In the following pages we’ll break down the types of data and systematic approach to predictive modeling in eCommerce. This modeling determines the intent, affinities, and purchase path of customers: to provide better experiences for shoppers and efficient conversion optimization for your store.


The systematic approach used for this particular problem set involves creating microsegmentation of your customer audiences and determining the statistical correlations between many input variables and the many possible outcomes. 

The process is a mix of: data + statistics + automated testing + recursive iteration.

We pull as much relevant data as possible, determine those correlations, test the accuracy and efficacy, and then iterate over and over.

Let’s spell this out in a bit more detail.

  • Identify the data sets with pertinent information.
  • Aggregate all data sets for initial analysis, transform into ideal formats and clean dirty data.
  • Identify top attributes via heuristics and intuition that are causal purchase behavior: across shoppers, products, transactions, web analytics, and more.
  • Apply statistical models to these data sets to identify the additional, non-obvious correlations across the data: which features regularly associate with successful outcomes.
  • Train a self-learning algorithm on past data: to predict personalized micro-decisions, over and over again; to learn from mistakes; and to determine an accurate assessment of the customer affinities.
  • Train models on live, real time website interactions (or campaign responses) to further decipher intent and trajectory based on the relationship between shopper attributes, behaviors, and decisions.

Through this methodology you’re able to understand your shoppers in a highly granular way – and, of course, in a way that allows you to activate those insights for your business.

At the risk of overstating the obvious: more data is extremely valuable for analysis. It takes us closer and closer to “reality”, which we are aiming to predict. 

Thus, you’ll notice a wide array of data types that fit into the methodology. Let’s dig in.

Customer Profile

  • Purchase History
  • Add to Cart Patterns
  • Survey Responses
  • Product Preferences
  • CRM Attributes
  • Shopping Journey
  • Purchase Frequency

The customer profile looks at the purchase history, product preferences, and any other data collected about a known customer. Many sellers’ CRMs have helpful contextual and demographic info saved. These folks have purchased in the past and provide one of the most powerful datasets to connect the dots between other variables and purchase behavior.

Transaction History

  • Order Values
  • Chargebacks & Refunds
  • Payment Types
  • Shipping / Billing Geography
  • Transaction Metadata

Transactions are separated out from customer profiles and their purchase history because this data set alone has very interesting attributes.
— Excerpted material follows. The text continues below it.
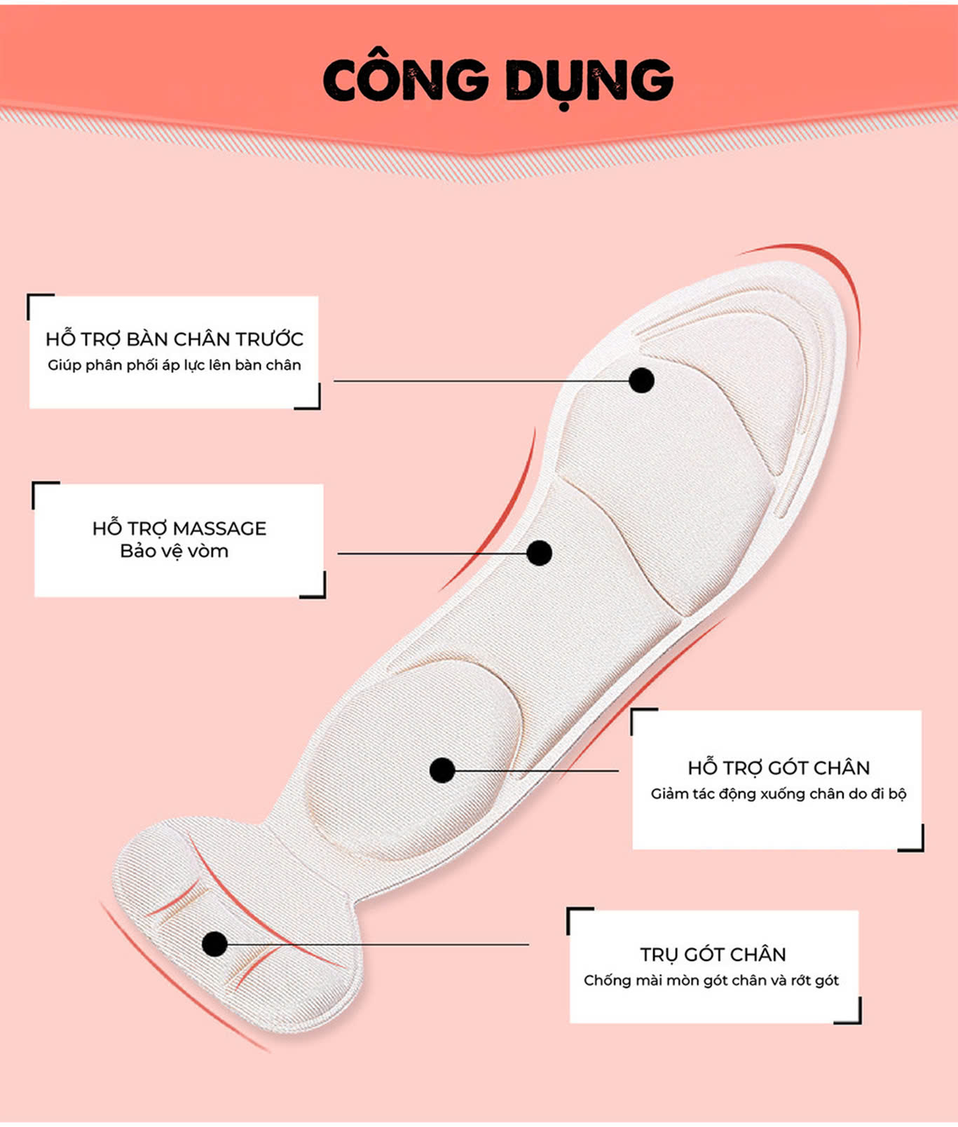 - Chức năng: bảo vệ bàn chân, chống đau chân khi đi lại nhiều

Not only does this include the refunds, returns, and that impact on dollars, but it also includes the metadata around transactions – they aren’t necessarily obvious, but are potentially powerful.

An example: the credit card provider or payment method on a transaction may correlate strongly with certain shopping behaviors or product affordability – seemingly irrelevant but potentially actionable.

Website Engagement

  • Browsing Patterns
  • Traffic Source & Channel Detail
  • Promotion Engagement
  • Content Viewed
  • Time on Page & Scroll Depth
  • Abandoned Cart Analysis
  • Similar Visitors

This is one of the most central data sets and can be used – standalone – to power significant personalization. All behavior and engagement with your web store is tracked… and is extremely informative and actionable. Looking into the browsing patterns and how they relate to ‘Add to Cart’ actions versus ‘Abandoned Cart’ – or how the traffic source relates to content viewed – all provides powerful insight to use for real-time personalization.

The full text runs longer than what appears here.